Le défi de la sobriété est tout sauf aisé. « Il n’y a pas de solution miracle, rappellent les acteurs. Mais une multitude de solutions à combiner. » Des trajectoires sont à infléchir dans tous les secteurs, au prorata de la consommation actuelle. À commencer par l’usage en eau potable, pour lequel une économie de 12,3 millions de mètres cubes est à réaliser.
Selon la DDT, le plus gros levier est entre les mains des pouvoirs publics. Améliorer le rendement du réseau grâce à des canalisations de qualité, fait partie des axes de travail. Perméabiliser les sols, pour laisser l’eau pluviale s’infiltrer, est un enjeu d’aménagement du territoire.
Quant aux industriels, ils sont appelés à « sauver » 9 millions de m3. Là aussi, la marge de progression semble importante. Les autorités ont un rôle d’accompagnateur à jouer, pour favoriser, entre autres, la démarche de responsabilité sociale des entreprises.
Pour les agriculteurs, l’effort représente 2,3 millions de m3. Une bonne partie de l’objectif (1,5 million) serait atteint en installant des compteurs de suivi des volumes prélevés sur les plans d’eau.
94 % de l’eau potable provient du champ de captage de Crépieux Charmy
Dans l’agglomération lyonnaise, la zone de captage de Crépieux Charmy, à cheval sur Rillieux-la-Pape et Vaulx-en-Velin, fournit 94 % de notre eau. Ce champ captant, le plus grand d’Europe, s’étend sur 375 hectares. On y dénombre 114 puits ou forages. Le prélèvement s’effectue dans la nappe alluviale du fleuve Rhône. En moyenne, 226 000 m3 y sont pompés chaque jour.
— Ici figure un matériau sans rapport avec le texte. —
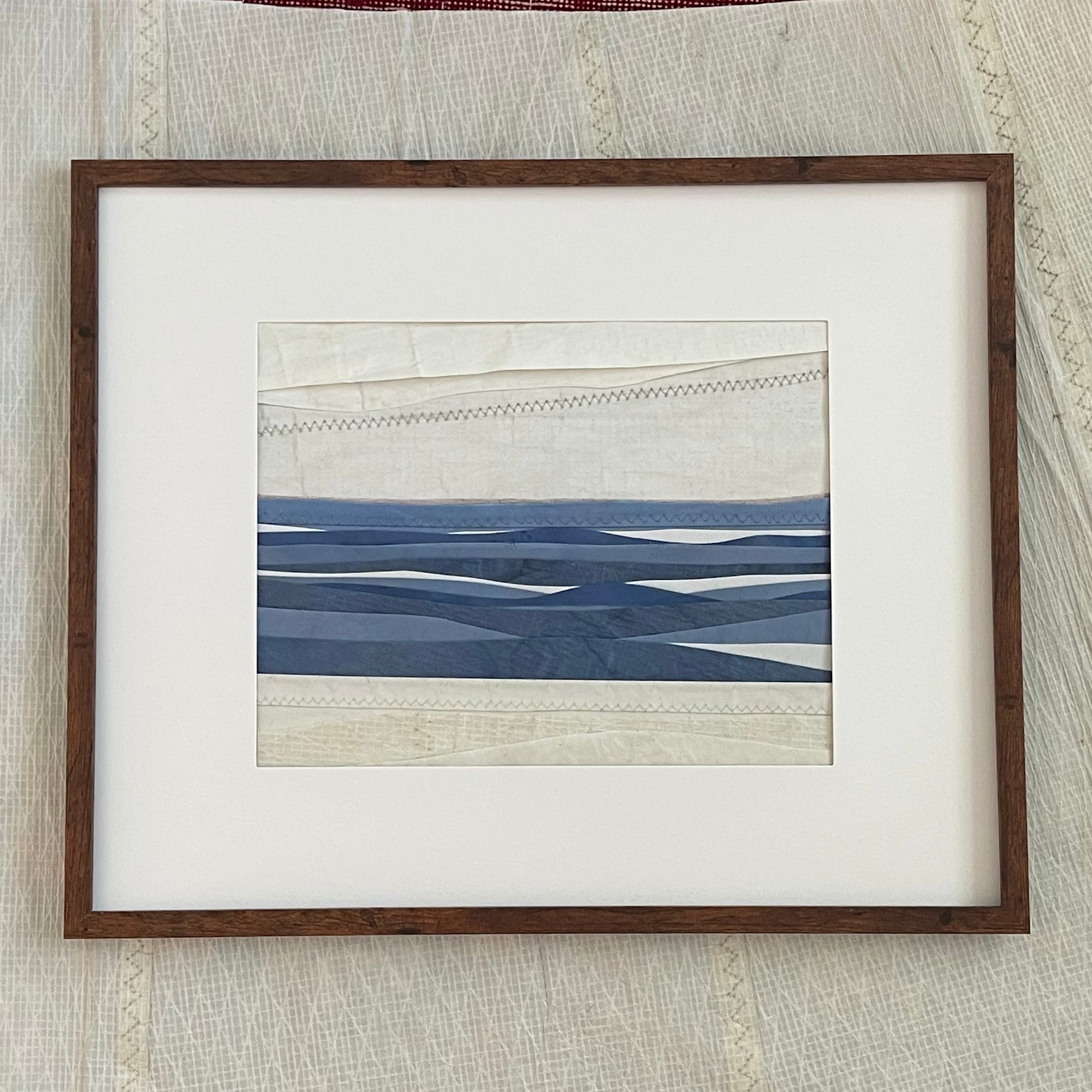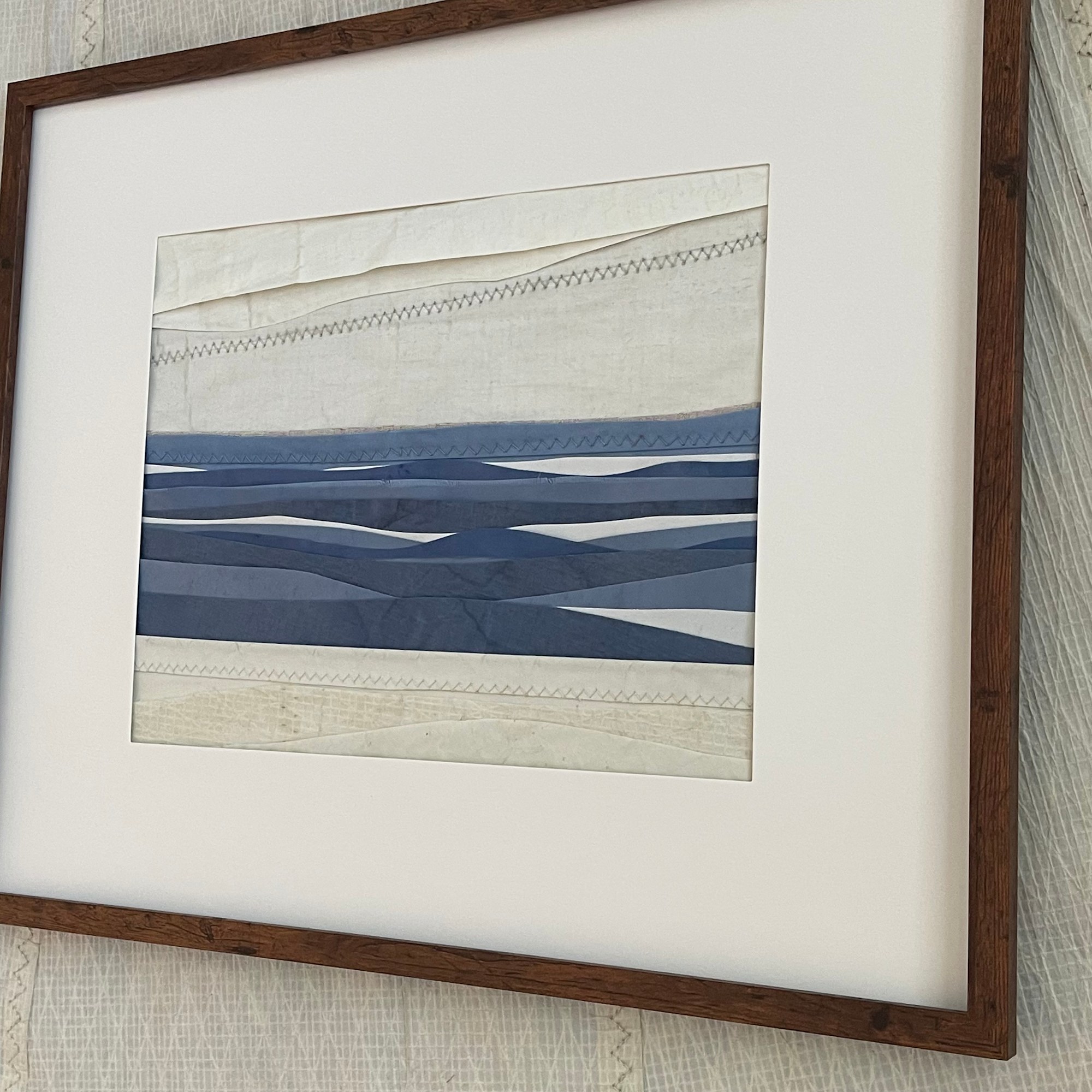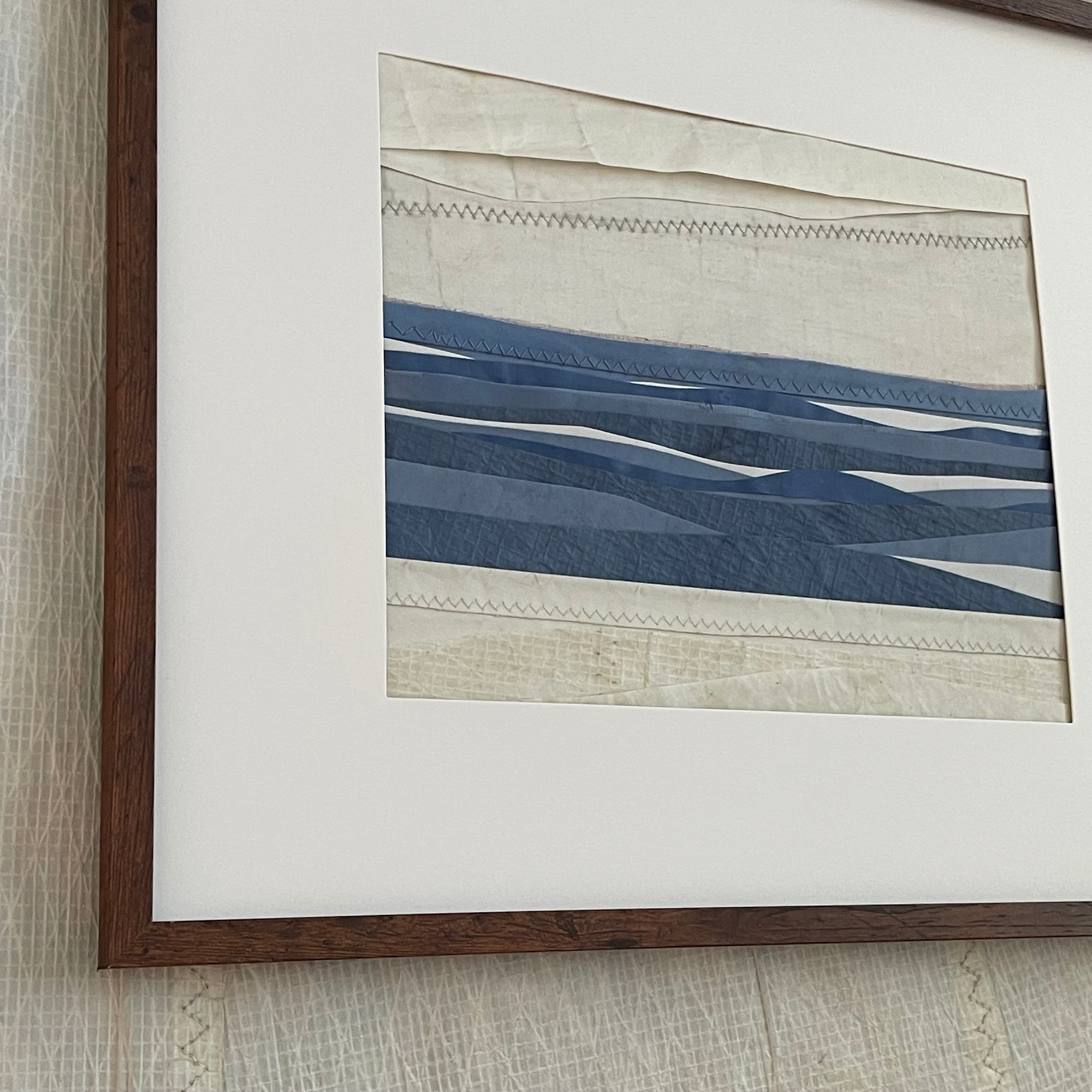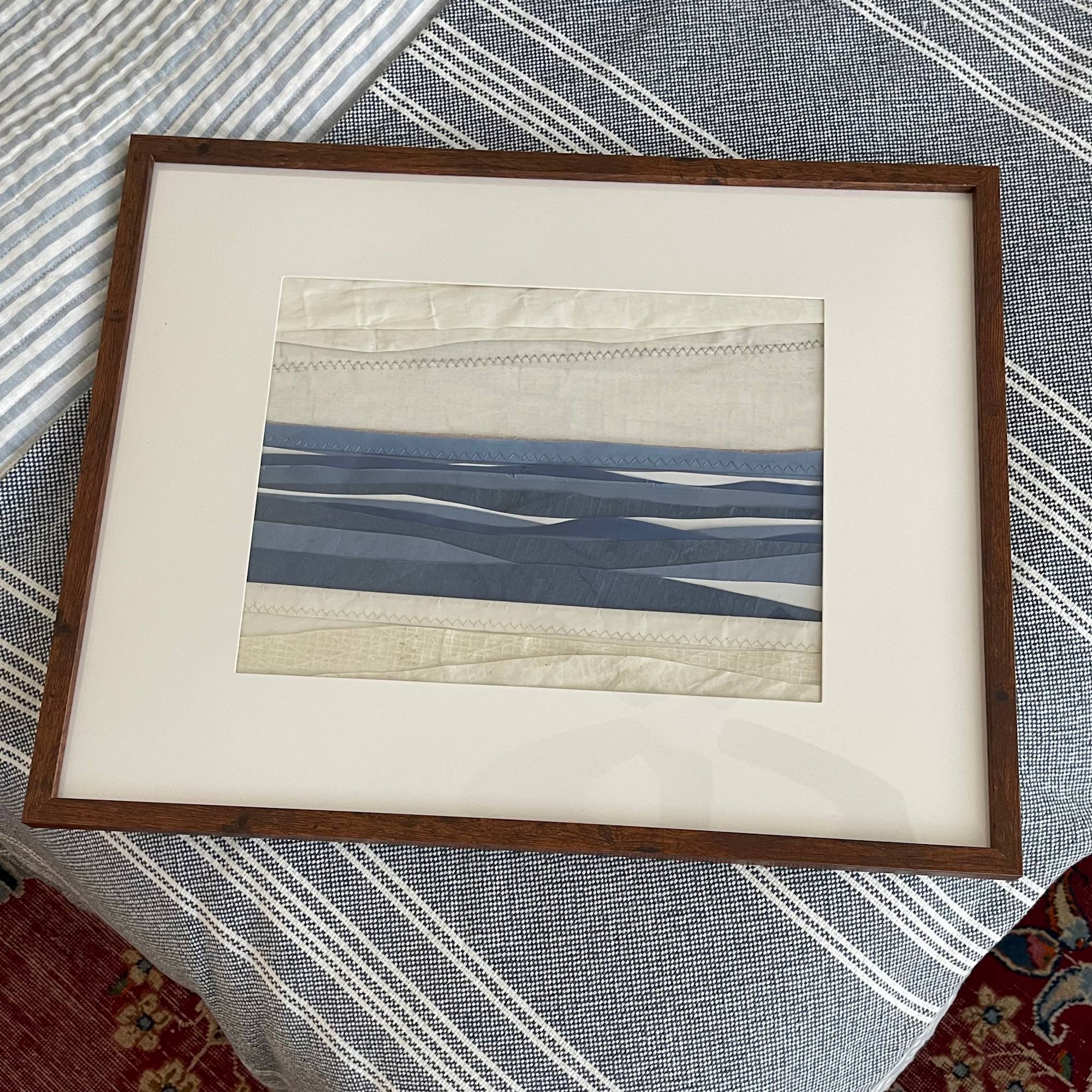 Repurposed "retired" nautical sail, aviation chart and dupioni silk mixed media art.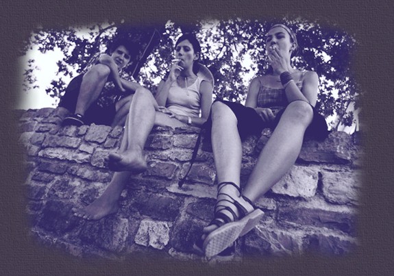 Zapaliły papierosy,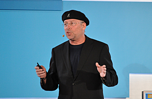 ハイテンションで「ウルトラブック」の優位性を語る米インテルのムーリー・エデン副社長 前日の記者会見では、例年のような新製品のお披露目はなく、昨年から展開している「ウルトラブック」の実績紹介と、今年前半に登場を予定している第三世代のCPU「Ivy Bridge」(開発コードネーム)を紹介。第三世代のCPUを搭載する「ウルトラブック」がもたらす体験を、デモを通して説明しただけにとどまった。そこで、一般来場者が訪れる前に、報道関係者に次世代CPUを搭載した「ウルトラブック」を体験させ、評価させようと考えたわけだ。

De quoi remplir intégralement la tour « crayon » de la Part-Dieu.
Dans l’Est lyonnais, ce sont le château d’eau du Parc de Parilly (8 000 m3) et le réservoir du Fort de Bron (35 000 m3) qui approvisionnent les usagers. Le réseau de distribution du Grand Lyon, dont dépend Vénissieux, affiche un rendement de 85,3 %. Pour 1 000 litres prélevés, 853 litres parviennent jusqu’au robinet. 147 litres partent dans la nature.